The schedule to start this season has benefitted McDowell in that the Cup Series has raced on three completely different circuits. He typically does well at superspeedways and road courses, the first two venues that opened the season. And he was 15th at Homestead last year, giving Front Row a baseline to work with in its return last week.

But the shift now to Las Vegas, a traditional 1.5-mile intermediate, will be a true test of how much Front Row has actually improved.
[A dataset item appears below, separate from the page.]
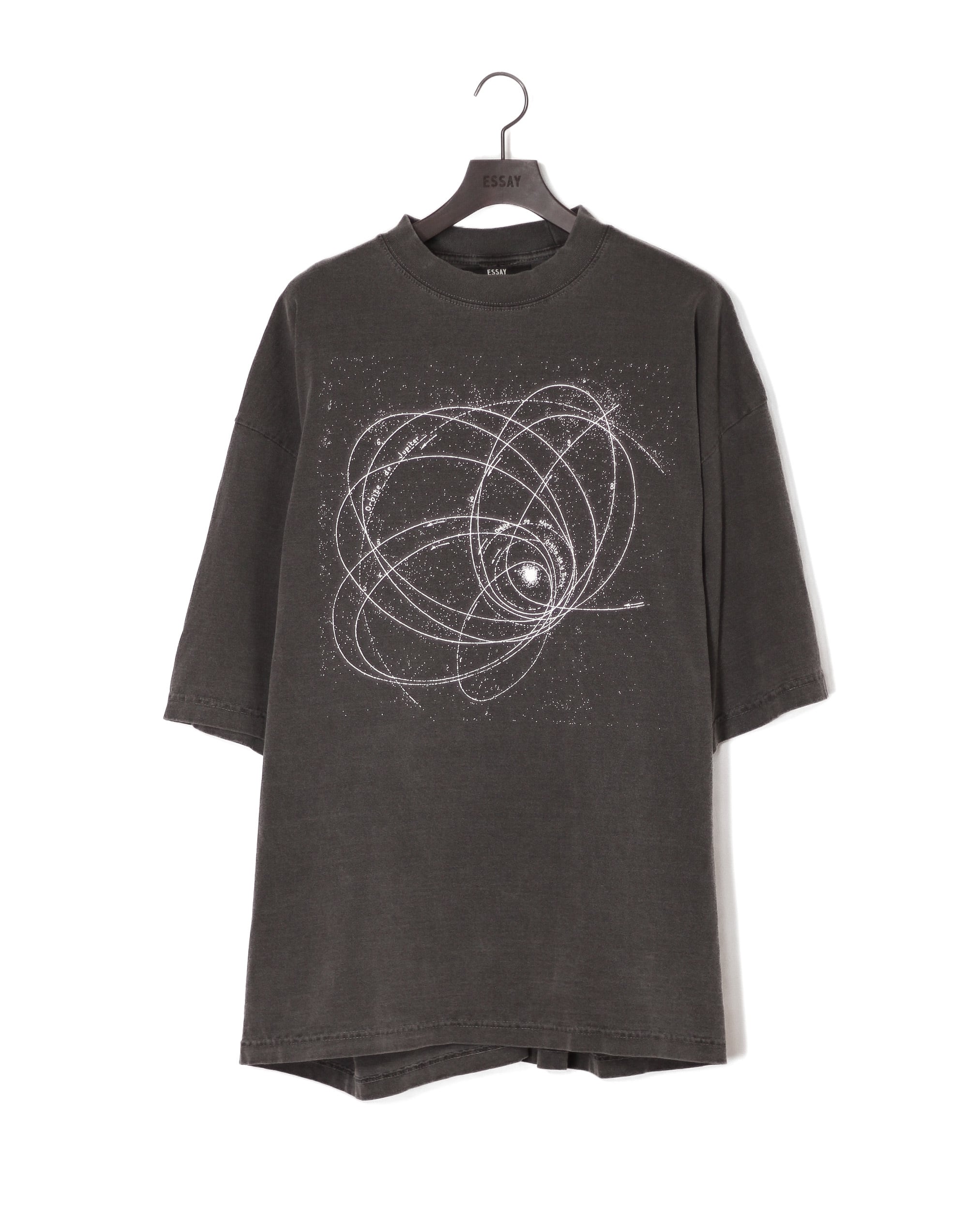本作『UNIVERSE』は、そのシリーズの中で、古い惑星の軌道図を参照し、歴史的な宇宙観測の図像を抽象化したプリントデザイン。距離や秩序、宇宙の構造を視覚的な構成として再解釈している。

McDowell said there’s been no radical change to his program. But he’s benefitted from solid starting positions — qualifying has been scrapped during the pandemic and the field is set based on a formula, so McDowell has not started lower than 17th — and tighter inspection regulations have prevented bigger teams from exploiting loopholes, leveling the playing field a bit.

Now he must figure out how to approach the rest of the season.

Las Vegas, for example, is part of the 10-race playoffs that begin in September. McDowell can race Sunday to extend his streak of top-10 finishes or Front Row can use it as a study session for when the team returns with a championship on the line.

Deciding on a best approach is new territory for McDowell.

“I haven’t been in this spot before," he said. "I don’t know how we’ll be at Vegas and I don’t know how we’ll be at Phoenix. Everybody wants to be like, ‘Yeah, we’re legit. We’re going to win five races this year and we’re going to contend for the championship.’ I don’t know that to be true, but I do know we’re going to fight our guts out and we’ll see where we end up.”